If so, it takes the distinguished scholar of Japanese religions and culture, Helen Hardacre, nigh on 700 pages to provide that answer. Her meticulously researched work is scholarly and densely written. Which is not to say that it is hard work. Her writing is clear and detailed and the book is a comfortable though serious read.
Hardacre is the Reischauer Institute professor of Japanese religions and society at Harvard University. She has done extensive fieldwork on contemporary Shinto and Buddhist religious organisations, the religious life of Japan’s Korean minority and contemporary ritualisation of abortion. She has also written extensively on State Shinto.

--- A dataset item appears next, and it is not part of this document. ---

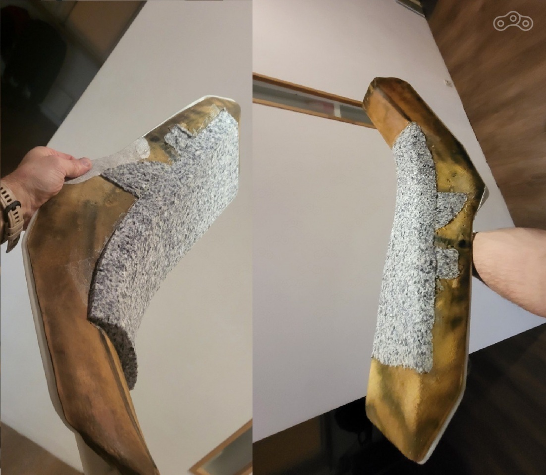 тут осноным инструментом выступила кухонная тёрка для овощей. у неё есть одна сторона с острыми мелкими зазубринами наружу для жёсткого сыра( Если не ошибаюсь ) - вот она идеально подошла для околофинишной корректировки формы поролона. Вобще очень хорошо с этим делом справляется Болгарка с ( Внимание! ) стёртым почти в ноль лепестковым наждачным диском. потому как если возьмёте свежый диск - он просто вгрызётся в поролон вырывая куски.

In the volume under review, Hardacre investigates the claims about Shinto as the embodiment of indigenous tradition and its rightful place in the public realm. It is often claimed in the West that it was Shinto that drove Japanese military aggression. It is still seen as provocative for ministers and others to visit the Yasukuni Shrine in Tokyo, which honours the war dead. Hardacre makes the controversial claim that it was in fact the Allied Occupation that created this image.
For the most part, Shinto beliefs are benign. There are deities (kami) in all things, animate and inanimate, around us, and in everyday life, to some degree, we placate them.
A fine example is when someone builds a new house. It is usual to have a ground-breaking ceremony attended by a Shinto priest, whose role is to calm the kami whose “home” is being disrupted by the construction work.
Hardacre writes, “If people plan to disturb their domain by digging in the earth, planting crops and erecting buildings, it is ‘only proper’ to begin by asking permission from the kami, with prayer, food, gifts and drinks and a place for them to receive these offerings, or in which to dwell ongoingly, that is, a shrine”.
The book is finely illustrated with many photographs from the author’s own collection and there are a number of very useful tables and charts, many relating to the funding of shrines. As the promotional material states, “Hardacre’s magisterial work will stand as the definitive reference for years to come”.